Another problem the conservative movement had was that it emerged in the 1950s primarily as an intellectual force — not a political one.
The movement’s core ideas were established in seminal works like Friedrich Hayek’s “The Road to Serfdom” in 1944, Russell Kirk’s “The Conservative Mind” in 1953 and Milton Friedman’s “Capitalism and Freedom” in 1962.
“Conservatives were blessed with these thinkers and others,” including National Review founder William F. Buckley Jr., says M. Stanton Evans, 69, founding director of the National Journalism Center and an anti-communist stalwart for more than 50 years.
Mr. Buckley made his name with “God and Man at Yale” in 1951 and defended Joseph McCarthy’s search for communist sympathizers in the government. He harshly criticized moderate “Eisenhower Republicanism” in his 1959 best-seller, “Up From Liberalism.”
What this intellectual movement lacked then was power. It was at the 1960 Republican convention that the “ideological glob of intellectuals, writers and protesters transformed itself into a political movement,” recalls American Conservative Union Chairman David A. Keene.
Mr. Keene, who was national chairman of the Young Americans for Freedom in the 1960s, says a defining moment came at the 1960 convention when Mr. Goldwater withdrew his name from consideration for the Republican vice-presidential nomination. The Arizona senator told his fellow conservatives to “grow up,” concede that they had lost the convention to Vice President Richard M. Nixon, pull together to defeat the Democrats in the 1960 election — and work to take over the Republican Party.
By 1964, conservatives succeeded in capturing the GOP — at least temporarily — when Mr. Goldwater secured the presidential nomination. Mr. Goldwater’s decisive defeat that year taught conservatives another lesson: the need to forge a movement broad enough to achieve electoral success.
Their opening came in the late 1960s, when many middle- and working-class voters reacted against rising crime rates, the excesses of the antiwar movement and the emerging counterculture.
“In the days of Barry Goldwater, moral issues had not risen to the surface,” says the Rev. Jerry Falwell, founder of the Moral Majority.
Movement leaders say that it wasn’t until millions of Catholics, disaffected Southern Democrats, many of them evangelical Protestants, and crime-weary blue-collar voters were added to the Republican electoral coalition in the 1960s and 1970s that the Republican Party gained enough electoral strength to defeat the national Democrats.
The third-party candidacy of Alabama Gov. George C. Wallace fractured the Democratic “Solid South” in 1968, enabling Mr. Nixon to win the White House. In 1972, Mr. Nixon scored a crushing re-election win over George McGovern — though the potential fruits of that victory were lost after the Watergate scandal led to Mr. Nixon’s resignation.
Conservatives were disappointed by Mr. Nixon’s liberal policies — instituting affirmative action in the federal government, imposing wage and price controls, and recognizing communist China. Many conservatives further criticized Mr. Nixon for failing to scale back the “Great Society” social programs created by the Johnson administration.

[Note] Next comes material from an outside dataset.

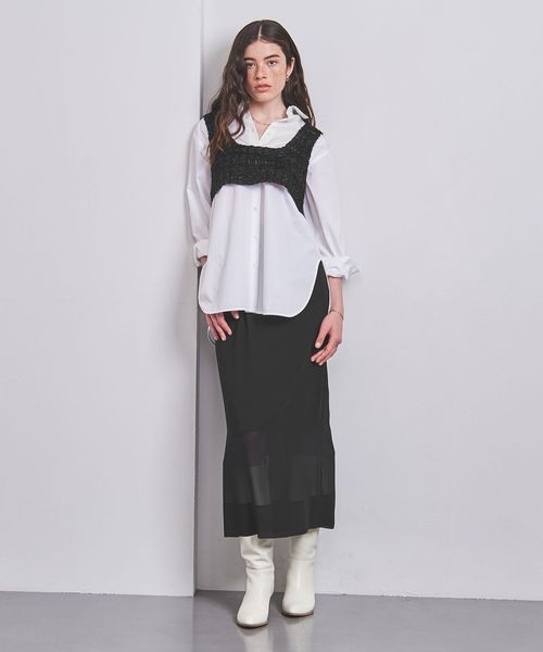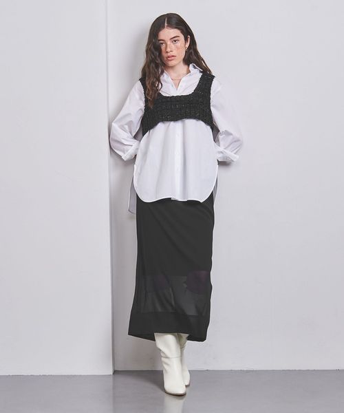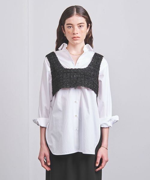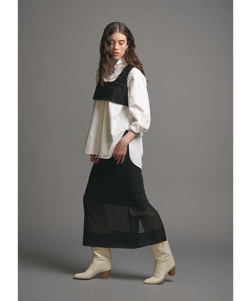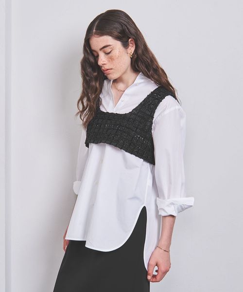 ビックシャツなどに重ね、テーパードシルエットのドレスパンツやデニム、タイトスカートなどとのコーディネートでトレンド感のある着こなしが完成します。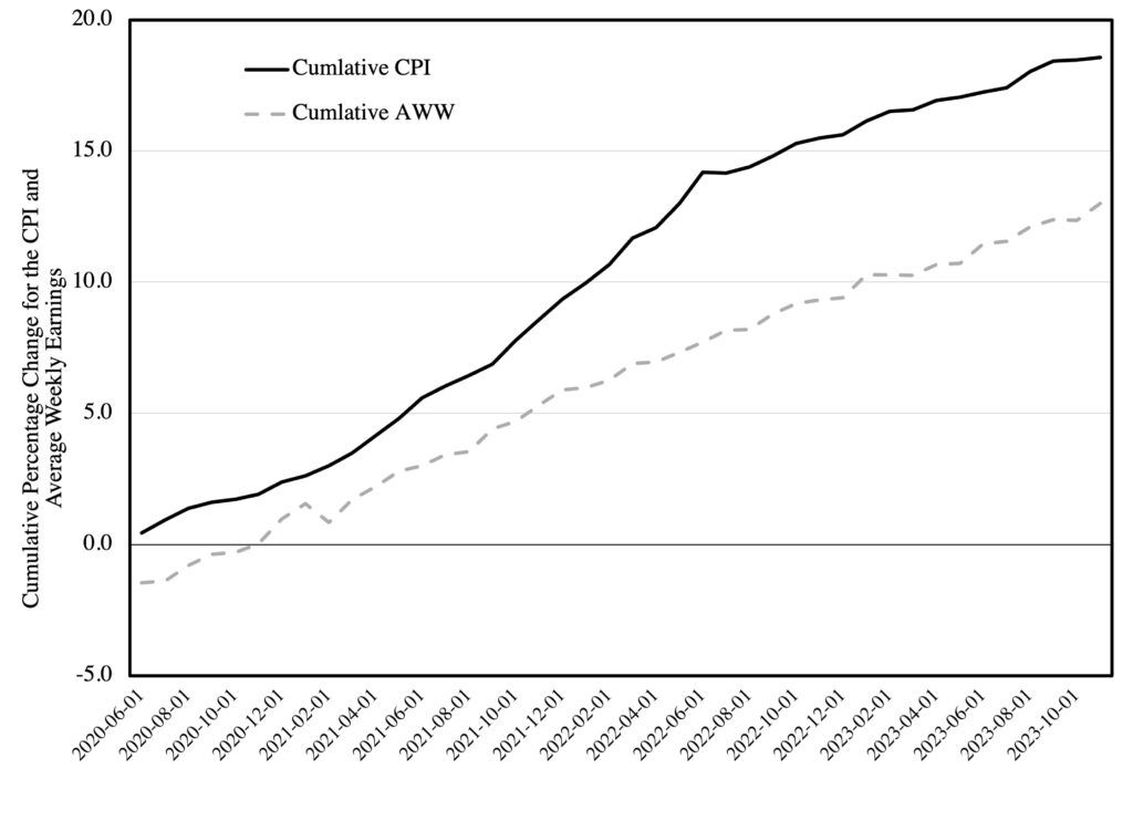 Many looking for good economic news point to those falling monthly rates, but households look at their total budgets, which have lost purchasing power even with slower CPI-U growth. This figure (which includes the latest data from December, 2023) shows the cumulative growth in both statistics. Note how much higher the general price level is relative to the level of change in average wages. This yawning gap between the cumulative growth in prices and average weekly earnings is the family budget crunch.

“Beginning with the 1960s, concern in the conservative movement focused on communism, socialism and fundamental changes in our political system instituted under the aegis of the Democrats’ ‘Great Society,’” says Howard Phillips, 62, who was an anti-Castro activist as a Harvard undergraduate and worked in the Nixon administration.
Eventually, a conservative rebellion developed among congressional Republicans. “Capitol Hill conservatives united in the early 1970s against the Republican administration of Nixon and Gerald Ford,” Mr. Feulner recalled.
What took longer for movement leaders to learn were the dangers of partisan allegiance and political expediency.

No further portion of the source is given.